In 1975, Islamabad sent in mujahedin guerrillas to the Panshir valley north of Kabul to destabilise the regime of President Sardar Daud, a staunch advocate of Pashtunistan. This guerrilla activity led to the intervention of the USSR in December 1979.
Pakistan then became a springboard for American-backed military action against the Soviet occupation and the pro-communist Afghan government. By the 1990s, with the Taleban in power, Afghanistan was halfway to becoming a colony of Pakistan.
The Taleban effectively became Islamabad's puppet regime, supporting Islamabad on Kashmir, never questioning the Durand line and providing strategic depth for Pakistan in case of war with India. Had it not been for September 11, and the US decision to root out the al-Qaeda network, Afghanistan would have remained a quasi-colony for years to come.
During their talks, Musharaf and Karzai spoke at length about the importance of recognising each other's territorial integrity, but analysts say that there will have to be a serious reassessment of the border between the two countries if they really want to improve bilateral relations.

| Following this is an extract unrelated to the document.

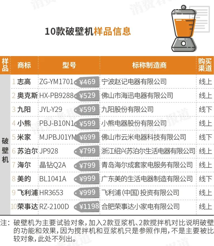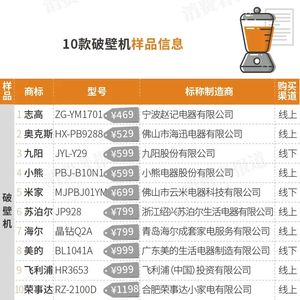 针对上述疑问,佛山市消费者委员会委托专业第三方机构对市面热销的10款破壁机进行了比较试验工作。

At the moment, Afghanistan is not strong enough to tackle negotiations over the Durand line - it has other priorities. Pakistan knows this and may also try to increase its influence amongst the Pashtuns, with the aim of persuading them to drop their objections to the Durand line.
For now, though, it's crucial that this highly controversial issue does not interfere with attempts by both countries to get on. Landlocked Afghanistan is dependent on the Pakistani port of Karachi for its trade. Islamabad, meanwhile, is keen to have access to the markets of Central Asia, for which Afghanistan is a key transit country. Of more immediate importance is the return of some 2.5 million Afghan refugees living in Pakistan and the repatriation of Pakistanis imprisoned in Afghanistan.
Yasin Bidar, former editor of the Kabul Times, is a Dutch-based freelance journalist.